The volume in the tail is

\[\begin{equation} V_T = \int_{f_T N}^N \frac{A\, dr}{r^n} = \frac{V(f_T^{1-n}-1)}{N^{n-1}-1} \end{equation}\] where \(f_T=0.5\)

And the middle:

\[\begin{equation} V_M = \int_{f_H N}^{f_T N} \frac{A\, dr}{r^n} = \frac{V(f_H^{1-n} - f_T^{1-n})}{N^{n-1}-1} \end{equation}\]

f_head = 0.1
f_tail = 0.5

ns = np.linspace(0,2,100)
nm1 = ns-1.0

head = volume*(inventory**nm1 - f_head**-nm1)/(inventory**nm1-1)
middle = volume*(f_head**-nm1 - f_tail**-nm1)/(inventory**nm1-1)
tail = volume*(f_tail**-nm1 - 1)/(inventory**nm1-1)

fig, ax = plt.subplots(figsize=(10, 6))

ax.plot(ns, head, label='Head')
ax.plot(ns, middle, label='Middle')
ax.plot(ns, tail, label='Tail')
ax.legend(loc='upper left')
ax.set_ylabel('Units Sold')
ax.set_xlabel('Power law index $n$')

For \(n>1\), the head has most of value. As \(n\) falls, the middle and tail become important.

How many styles of clothing should we carry?

We can choose expand our inventory from \(N\) to \(N+1\) styles of clothing. How many additional units will we sell?

This is just the sales volume distribution \(n(r)\) evaluated at \(r=N+1\)

\[\begin{equation} \frac{d V}{d N} = \frac{(n-1) V}{(1-N^{1-n})(N+1)^n} \end{equation}\]

marginal_benefit = ((ns-1)*volume)/((1-inventory**(1-ns))*(inventory+1)**ns)

fig, ax = plt.subplots(figsize=(10, 6))

ax.plot(ns, marginal_benefit)
ax.set_ylabel('Additional Units Sold')
ax.set_xlabel('Power law index $n$')
ax.set_title('Marginal Benefit of Expanding Inventory')
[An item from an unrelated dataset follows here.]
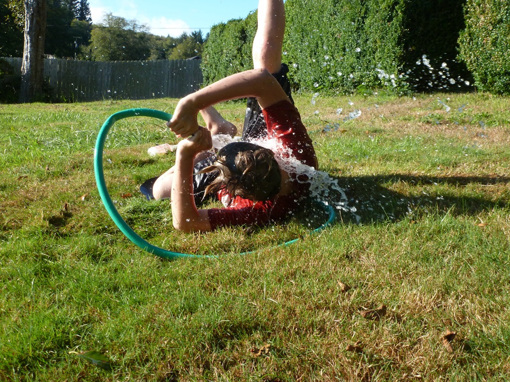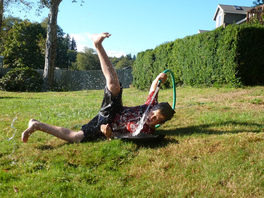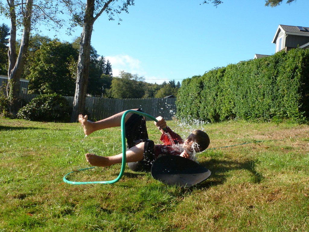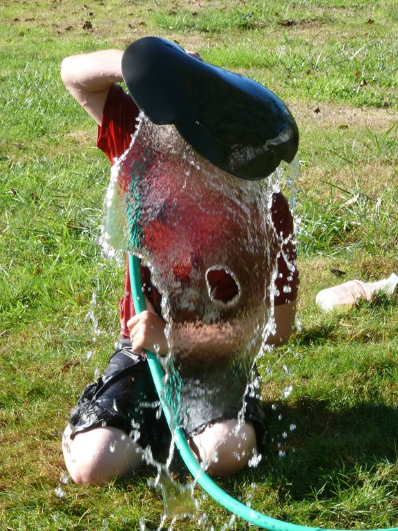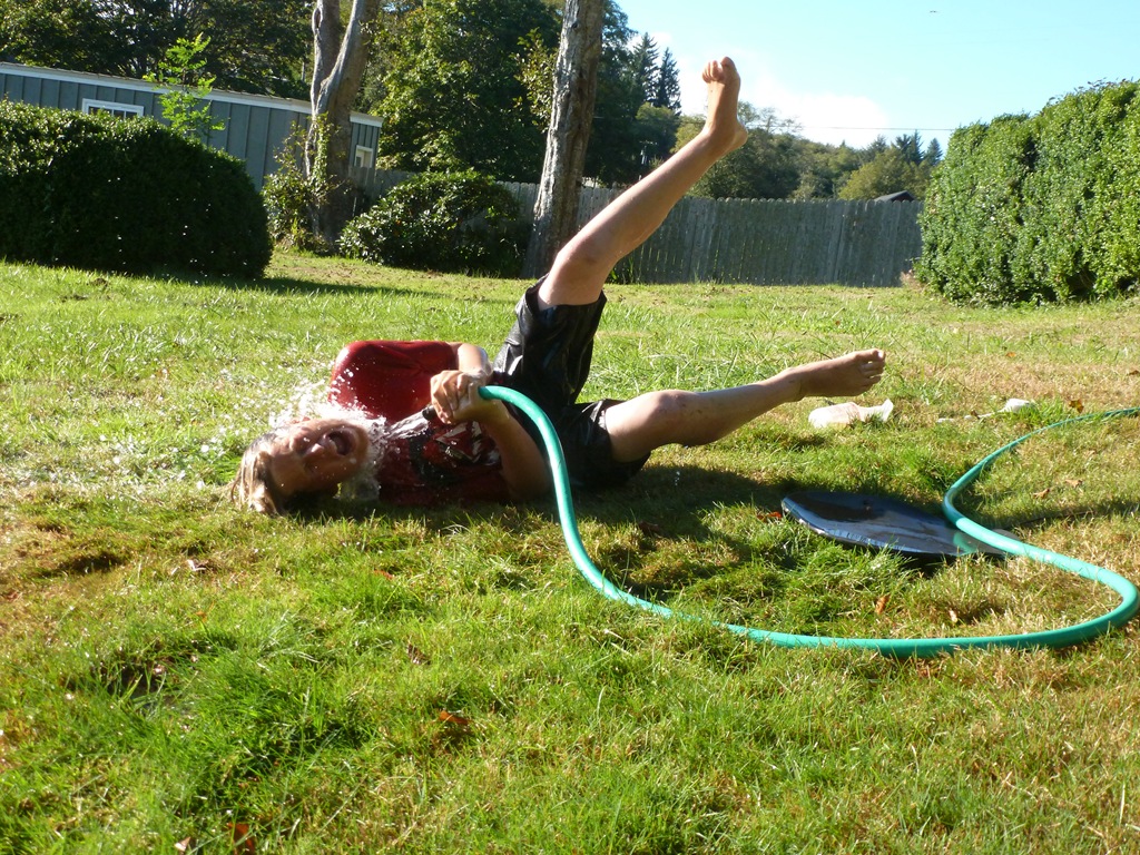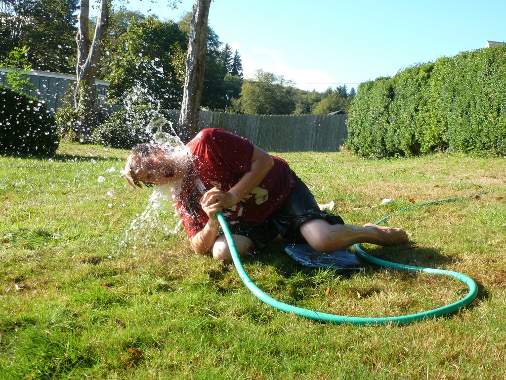 I asked the boys if they wanted to take “First Day of School” photos on Monday and they both grunted. So – Here ya go. We went outside to clean up the yard toys a abit and Jon was playing with the hose. It’s been in the 80’s here – crazy.

Our scaled down version of Stitch Fix can expect to sell an additional \(\simeq 40\) pieces of clothing per year if the sales distribution has \(n=0.25\), or an additional \(\simeq 3\) units per year if \(n=1.5\) Whether expanding the inventory is worth it to get those additional sales depends entirely on how much it costs to bring one additional product into the inventory.